2年連続の日本一に輝いたソフトバンクホークス。シーズン2位から日本シリーズを制し、工藤公康監督には、熊本地震で被災した子どもたちとの約束を果たす連覇となった。
工藤監督は、東日本大震災や九州北部豪雨などの被災地と交流を続ける。熊本県西原村唯一の少年野球チーム「西原村学童野球クラブ」を初めて訪れたのは2017年1月。畑と森に囲まれた急造グラウンドのことを知ったからだ。
16年4月の熊本地震の本震では、村で震度7の揺れが起きた。災害関連死を含め9人が亡くなり、512棟の建物が全壊。今年9月末現在でも250世帯近くが仮住まいで生活を送る。
チームが練習していたグラウンドは、地震で発生した廃材などの置き場所に。現主将の山内愁(しゅう)君(12)も、慣れない車中泊やビニールハウスでの寝泊まりを余儀なくされ、夜に涙を流したこともあった。「普段、野球をする仲間たちと会えなかったことも大きかったと思う」と母親の直子さん(42)。

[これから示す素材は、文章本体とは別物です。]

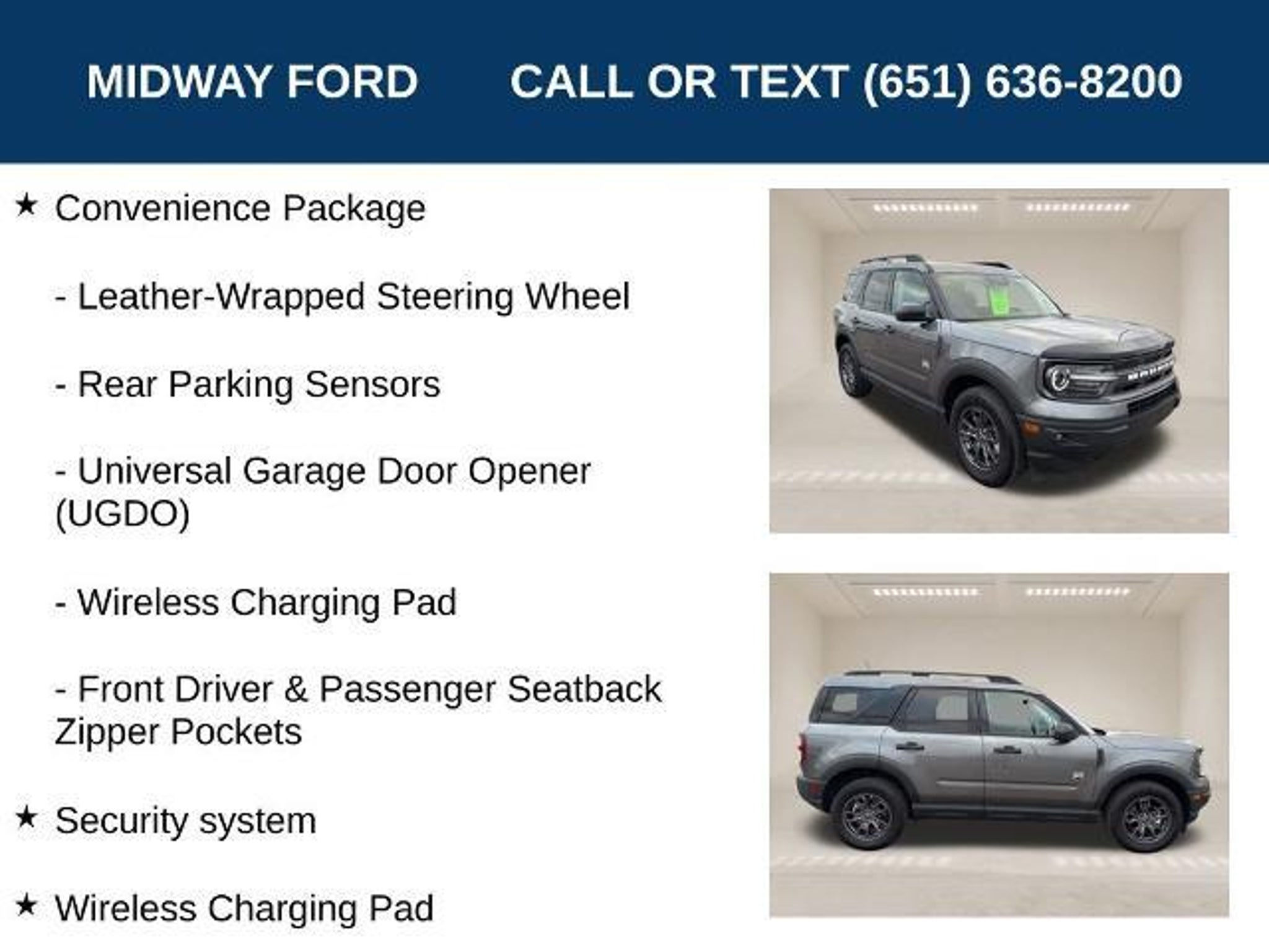 Midway Ford is pumped up to offer this beautiful 2023 Ford Bronco Sport Big Bend in Carbonized Gray Metallic beautifully equipped with: 4WD 8-Speed Automatic 1.5L EcoBoost One Owner Apple CarPlay Android Auto Convenience Package Equipment Group 200A Heated Front Bucket Seats Security system Wireless Charging Pad. 25/28 City/Highway MPG Recent Arrival! Odometer is 4047 miles below market average! Ford Blue Certified Details: * Vehicle History * Limited Warranty: 3 Month/4000 Mile (whichever comes first) after new car warranty expires or from certified purchase date * and 11000 FordPass Rewards Points to use toward first maintenance visit * Transferable Warranty * Roadside Assistance * Warranty Deductible: $100 * 139 Point Inspection CALL OR TEXT: Stop by and see us at: 2777 Snelling Ave N Saint Paul Minnesota 55113

「練習できずに試合して負け、悔し涙を流すのを見ていられんかった」。山内君の祖父、山下一義さん(68)が、ハクサイやニンジンをつくっていた畑を埋め、保護者らが土をならしてグラウンドに仕立てた。土の代わりに砂を入れ、マウンドも作り、打撃練習のケージは、切り出した竹にネットを張った。およそ120メートル×60メートルの「畑グラウンド」が、夏前にはできあがった。